Les terrains sur lesquels se trouve l’enclave juive ont été achetés au gouvernement ottoman par des philanthropes juifs, Nissan Bak et Moshe Wittenburg, au milieu du 19e siècle. Au cours du siècle suivant, ils ont changé d’usage et de propriétaires mais sont restés entre des mains juives jusqu’à la guerre d’Indépendance de 1948, lorsqu’ils ont été conquis par les Jordaniens. Suite à la guerre des Six jours, où Israël a re-capturé les terrains, ils ont été transférés sous le contrôle de l’administration israélienne, qui les a ensuite confiés à la municipalité de Jérusalem. Ils ont été finalement cédés en 1984 à Irving Moskowitz, un milliardaire américain qui a financé le développement des logements.

« Tandis que tous ceux qui s’installent à Maaleh Hazeitim croient dans le droit des Juifs à vivre partout à Jérusalem, nous ne nous trouvons pas par ailleurs tous ici pour des raisons idéologiques », a estimé une mère emmenant ses trois enfants à une école maternelle située de l’autre côté de la rue de sa résidence d’appartements – deux complexes cloisonnés au sein du quartier voisin de Ras Al-Amoud.

« Ils ne sont véritablement pas d’ici », a déclaré pour sa part Walid Zatari, résident de Ras Al-Moud, en observant ses voisins juifs. « Regardez comment ils vivent. Complètement cloisonnés de tous », a-t-il ajouté alors que le portail électronique menant à l’école maternelle s’est fermé derrière la mère juive et ses enfants.

Le président américain Donald Trump visite le mur occidental, dans la Vieille Ville de Jérusalem, le 22 mai 2017 (AFP PHOTO / MANDEL NGAN)

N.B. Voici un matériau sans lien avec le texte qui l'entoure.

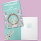 A cute little bunny rabbit peeks out from a wreath surrounded by pink and lavender spring flowers. The text "Happy Easter to a Sweet Granddaughter" is in white at the top. The image and the text are placed on a pastel spring teal background. The inside of the card has another cute image of the bunny rabbit, and your custom text in matching teal. All of the text is easily changed, so this is a wonderful card to send to a granddaughter, a niece, or a daughter.

« Nous devons nous protéger des Arabes », a expliqué la mère en rentrant chez elle, peu après.

« Mais en fin de compte, lorsque nous serons plus nombreux ici, nous n’aurons plus à avoir aussi peur. Je pense que la décision de Trump nous fait avancer vers cette réalité », a-t-elle ajouté, avant de faire un signe de la tête aux deux agents de sécurité qui ont refermé le portail derrière elle.